The much-anticipated UN climate-change summit in Copenhagen is upon us. Between the abandonment of a binding agreement earlier this month and backlash from the leaked "Climategate" e-mails, pundits have been pessimistic about the possibilities for progress in these multilateral talks. But at the eleventh hour heading into the summit, opinion appears to be shifting. With President Obama's change of plans--he now intends to drop by the end of the conference instead of the beginning, perhaps lending more momentum to the talks--some observers are beginning to see openings for a preliminary deal at the least. Here are the predictions:

  • Possible 'Interim Deal' The New York Times editorial board writes that, while "nobody should expect a planet-saving agreement ... the talks were in real danger of blowing up not long ago," and "now there is a good chance for at least an interim deal": the U.S. and China, "the world's two biggest emitters, have promised to reduce or slow their emissions and their two leaders have agreed to attend." The interim deal remains tricky: President Obama would have to get support from Congress.
  • Is Obama Bailing? Roger Simon of Pajamas Media wonders if President Obama's decision to show up at the end of the conference rather than at the beginning has less to do with wanting "to give his blessing and impetus to the decision itself," and perhaps more to do with wishing to hedge his bets: "Could it be that by pushing back his appearance Obama was just buying time so that, if things go really awry, he doesn't have to show up at all?"
  • 5 (or 15) Things to Watch For Publications Time, Newsweek, and Politico have each put out a "5 things to watch for" list for Copenhagen.

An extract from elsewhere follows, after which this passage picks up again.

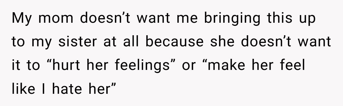 Worse, they asked her to keep the real reason a secret—to protect her sister’s feelings. Now she’s stuck between rage and heartbreak, wondering: Is she wrong for wanting to call it out? Or is this a clear case of one child being sacrificed for another’s comfort?
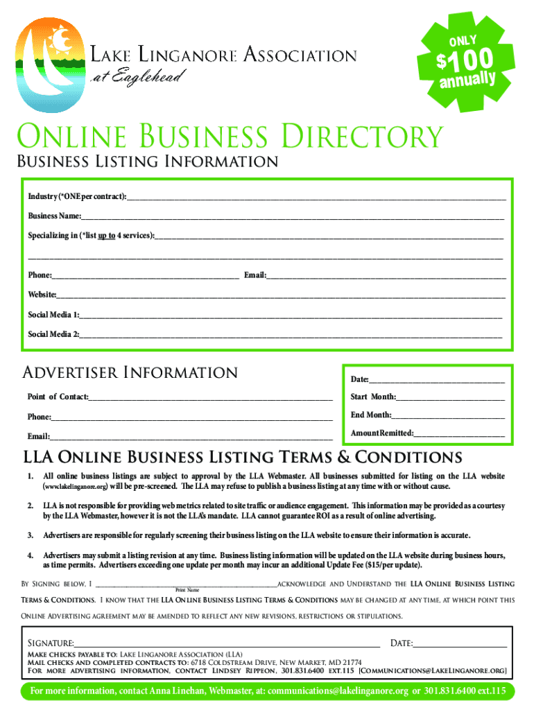 ONLY 100annuall online Business Directory Business Listing InformationIndustry (*ONE per contract): Business Name: Specializing in (*list up to 4 services): Phone: Email: Website: Social Media 1:

Common elements: whether developed countries will help finance developing countries' adaptation to climate change and carbon cuts; whether there will be an REDD (Reducing Emissions from Deforestation and Degradation) agreement to help tropical developing countries preserve rainforests; how the U.S., India, and China will behave regarding emissions cuts; and how President Obama's end-of-negotiations visit will affect the talks. For Time, Bryan Walsh also adds that the "two-step approach"--first an international agreement, followed by domestic legislation, will be tested. Politico's Lisa Lerer points to the importance of the U.S. Congress's willingness to commit to international targets. Meanwhile, Newsweek's Daniel Stone brings up the subject of "ClimateGate"--the leaked climate scientist e-mails.
  • I Am Optimistic! This is Paul Krugman's declaration, although he admits that he might be "naïve." He thinks the president's change of plans "suggests that the White House expects real progress." He is also encouraged by signs of seriousness from China. Krugman, a global-warming believer, isn't all sunshine and rainbows, though:
Of course, if things go well in Copenhagen, the usual suspects will go wild. We'll hear cries that the whole notion of global warming is a hoax perpetrated by a vast scientific conspiracy, as demonstrated by stolen e-mail messages that show--well, actually all they show is that scientists are human, but never mind. We'll also, however, hear cries that climate-change policies will destroy jobs and growth.